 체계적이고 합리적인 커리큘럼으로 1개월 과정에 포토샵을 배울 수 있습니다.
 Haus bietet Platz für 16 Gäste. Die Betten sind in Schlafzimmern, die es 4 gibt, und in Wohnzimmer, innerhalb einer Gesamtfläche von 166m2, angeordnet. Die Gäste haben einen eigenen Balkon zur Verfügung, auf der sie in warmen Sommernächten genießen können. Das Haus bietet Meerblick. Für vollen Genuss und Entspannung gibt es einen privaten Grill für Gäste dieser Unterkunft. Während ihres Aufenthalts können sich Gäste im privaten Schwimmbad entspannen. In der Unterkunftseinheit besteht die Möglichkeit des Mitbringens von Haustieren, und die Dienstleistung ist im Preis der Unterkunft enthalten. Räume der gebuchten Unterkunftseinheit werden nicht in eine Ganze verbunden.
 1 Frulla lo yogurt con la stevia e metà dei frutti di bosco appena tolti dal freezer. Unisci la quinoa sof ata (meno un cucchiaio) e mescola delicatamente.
---
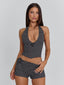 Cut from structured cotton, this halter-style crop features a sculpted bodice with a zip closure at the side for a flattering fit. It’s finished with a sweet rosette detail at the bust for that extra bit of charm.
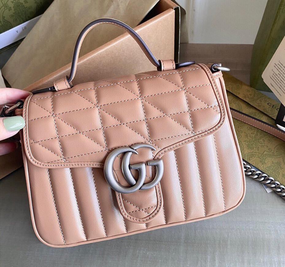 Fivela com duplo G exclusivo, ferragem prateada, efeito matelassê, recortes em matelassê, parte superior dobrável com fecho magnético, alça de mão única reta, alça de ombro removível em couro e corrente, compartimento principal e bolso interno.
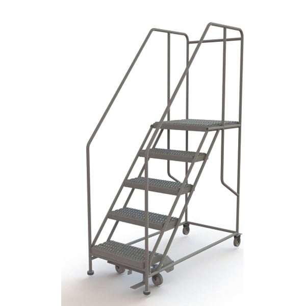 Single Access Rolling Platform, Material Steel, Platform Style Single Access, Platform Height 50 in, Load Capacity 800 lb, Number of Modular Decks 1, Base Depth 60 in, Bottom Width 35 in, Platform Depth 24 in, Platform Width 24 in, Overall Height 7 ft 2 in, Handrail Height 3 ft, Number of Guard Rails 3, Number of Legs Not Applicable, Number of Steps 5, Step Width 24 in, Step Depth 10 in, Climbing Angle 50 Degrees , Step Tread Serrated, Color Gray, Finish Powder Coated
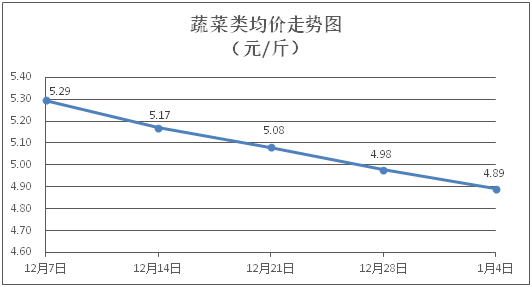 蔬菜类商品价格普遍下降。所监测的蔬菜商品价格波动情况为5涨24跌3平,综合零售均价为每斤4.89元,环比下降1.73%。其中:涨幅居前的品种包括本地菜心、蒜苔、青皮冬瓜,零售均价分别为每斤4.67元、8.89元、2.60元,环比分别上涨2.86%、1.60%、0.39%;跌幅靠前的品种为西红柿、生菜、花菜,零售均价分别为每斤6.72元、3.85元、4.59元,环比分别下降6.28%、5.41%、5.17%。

_ASSIGNED TASK_
Please set down, exactly and with no pictures, the lines in the entries above starting at the one holding "Cut from structured" and ending at the one holding "蔬菜类商品价格普遍下降。所监", ends included.

_EXERCISE OUTPUT_
 Cut from structured cotton, this halter-style crop features a sculpted bodice with a zip closure at the side for a flattering fit. It’s finished with a sweet rosette detail at the bust for that extra bit of charm.
 Fivela com duplo G exclusivo, ferragem prateada, efeito matelassê, recortes em matelassê, parte superior dobrável com fecho magnético, alça de mão única reta, alça de ombro removível em couro e corrente, compartimento principal e bolso interno.
 Single Access Rolling Platform, Material Steel, Platform Style Single Access, Platform Height 50 in, Load Capacity 800 lb, Number of Modular Decks 1, Base Depth 60 in, Bottom Width 35 in, Platform Depth 24 in, Platform Width 24 in, Overall Height 7 ft 2 in, Handrail Height 3 ft, Number of Guard Rails 3, Number of Legs Not Applicable, Number of Steps 5, Step Width 24 in, Step Depth 10 in, Climbing Angle 50 Degrees , Step Tread Serrated, Color Gray, Finish Powder Coated
 蔬菜类商品价格普遍下降。所监测的蔬菜商品价格波动情况为5涨24跌3平,综合零售均价为每斤4.89元,环比下降1.73%。其中:涨幅居前的品种包括本地菜心、蒜苔、青皮冬瓜,零售均价分别为每斤4.67元、8.89元、2.60元,环比分别上涨2.86%、1.60%、0.39%;跌幅靠前的品种为西红柿、生菜、花菜,零售均价分别为每斤6.72元、3.85元、4.59元,环比分别下降6.28%、5.41%、5.17%。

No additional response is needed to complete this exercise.